Where E and F are constants to be determined.

Calculate the first and second derivatives of y_p2b:

y_p2b' = -2E sin 2x + 2F cos 2x y_p2b'' = -4E cos 2x - 4F sin 2x

Substitute y_p2b, y_p2b', and y_p2b'' into the LHS of the differential equation:

(D^2 - 2D + 4)y_p2b = y_p2b'' - 2y_p2b' + 4y_p2b

Substitute the expressions for y_p2b, y_p2b', and y_p2b'' that we derived:

(-4E cos 2x - 4F sin 2x) - 2(-2E sin 2x + 2F cos 2x) + 4(E cos 2x + F sin 2x) = -(1/2)sin 2x

Group the cos 2x and sin 2x terms:

(-4E - 4F + 4E) cos 2x + (-4F + 4E + 4F) sin 2x = -(1/2)sin 2x

Simplify the equation:

-4F cos 2x + 4E sin 2x = -(1/2)sin 2x

Equate the coefficients of cos 2x and sin 2x:

-4F = 0 => F = 0 4E = -1/2 => E = -1/8

Substitute the values of E and F back into the expression for y_p2b:

y_p2b = (-1/8) cos 2x + 0 sin 2x y_p2b = (-1/8) cos 2x

Now, combine y_p2a and y_p2b to get y_p2:

y_p2 = y_p2a + y_p2b y_p2 = (1/52) cos 4x - (3/104) sin 4x - (1/8) cos 2x

2.3 Complete Particular Integral

Finally, the complete particular integral (PI) is the sum of y_p1 and y_p2:

y_p = y_p1 + y_p2 y_p = (1/2)e^x cos x + (1/52) cos 4x - (3/104) sin 4x - (1/8) cos 2x

3. General Solution

The general solution to the differential equation is the sum of the complementary function (y_c) and the particular integral (y_p):

y = y_c + y_p

Substitute the expressions for y_c and y_p that we derived:

y = e^x (C_1 cos(√3x) + C_2 sin(√3x)) + (1/2)e^x cos x + (1/52) cos 4x - (3/104) sin 4x - (1/8) cos 2x

This is the general solution to the given differential equation.

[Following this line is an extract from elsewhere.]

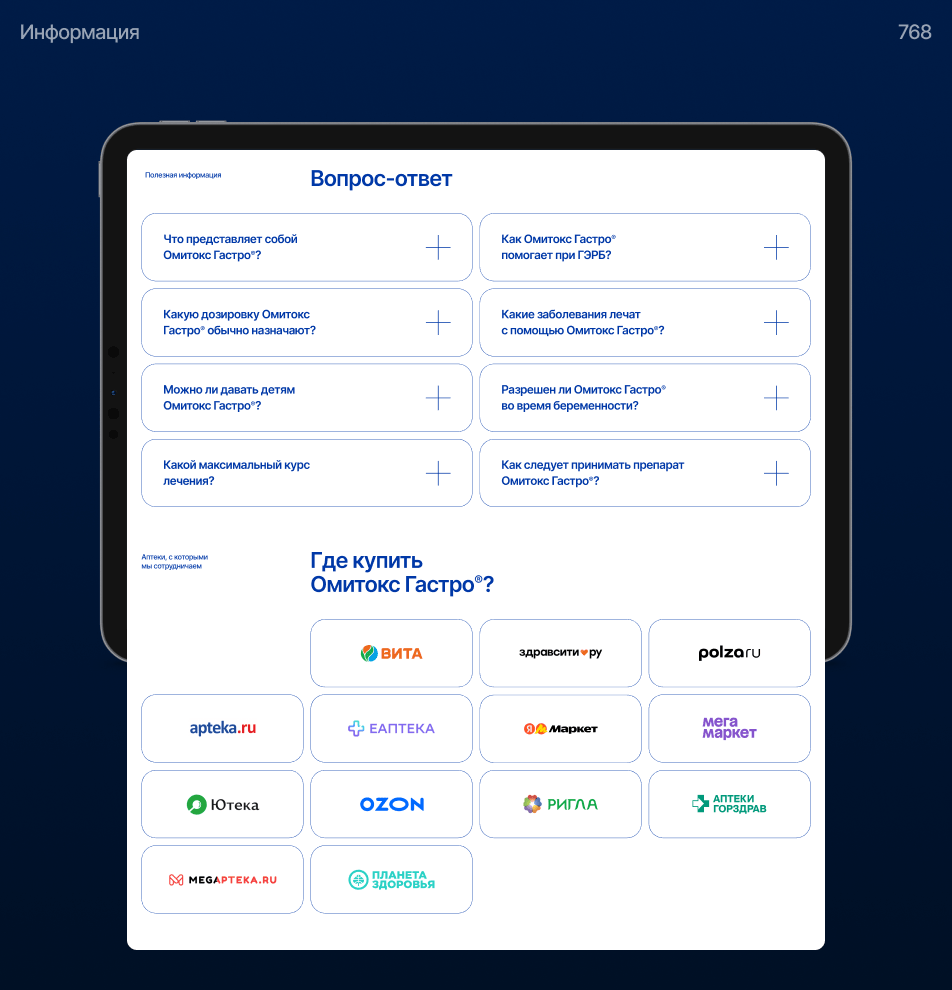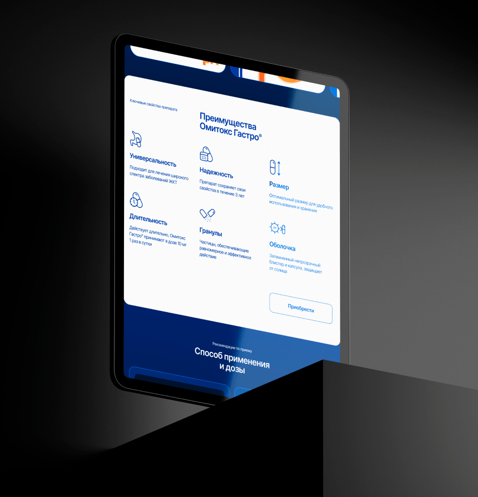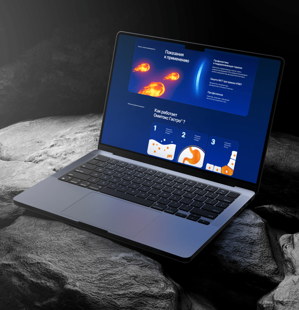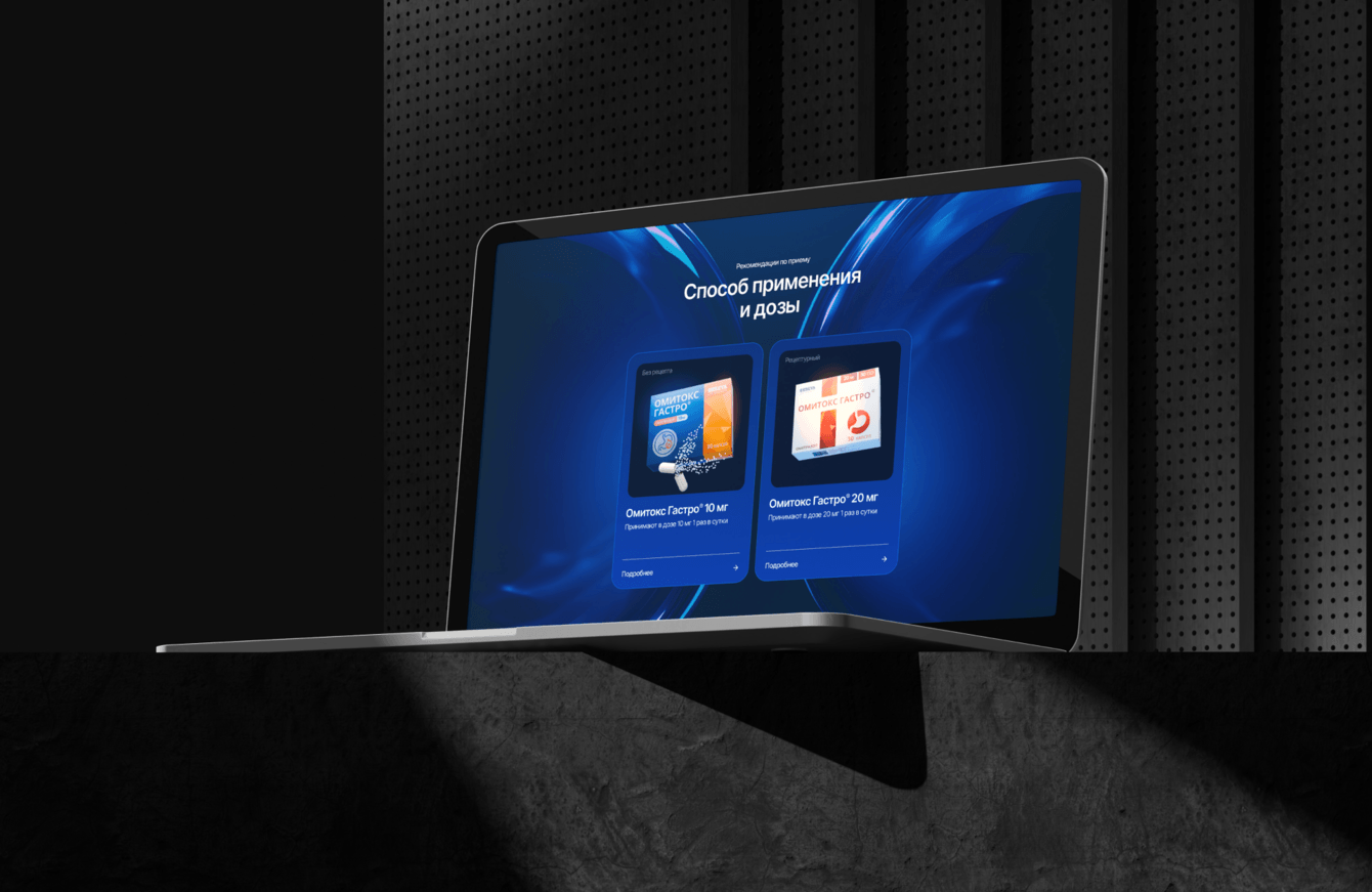 Мы создали современный сайт для препарата Омитокс Гастро®, объединив информативность, эстетику и удобство использования.

It represents a family of solutions, with C_1 and C_2 being arbitrary constants that can be determined if initial or boundary conditions are provided. This solution captures both the natural response of the system (represented by the complementary function) and the forced response due to the external driving function (represented by the particular integral). The combination of these two components provides a complete picture of the system's behavior.

Conclusion

In this comprehensive solution, we have meticulously solved the second-order linear non-homogeneous differential equation (D^2 - 2D + 4)y = e^x cos x + sin x cos 3x. We began by deriving the auxiliary equation and finding the complementary function, which represents the solution to the homogeneous part of the equation. Subsequently, we tackled the non-homogeneous part by employing the method of undetermined coefficients and the principle of superposition, carefully deriving the particular integral. Through trigonometric identities and systematic calculations, we simplified the problem into manageable steps. Finally, we combined the complementary function and the particular integral to obtain the general solution, a complete representation of all possible solutions to the given differential equation. This step-by-step approach provides a clear and thorough understanding of the solution process, highlighting the key techniques and concepts involved in solving such differential equations. This mastery is crucial for anyone working in fields where differential equations are used to model and analyze physical systems.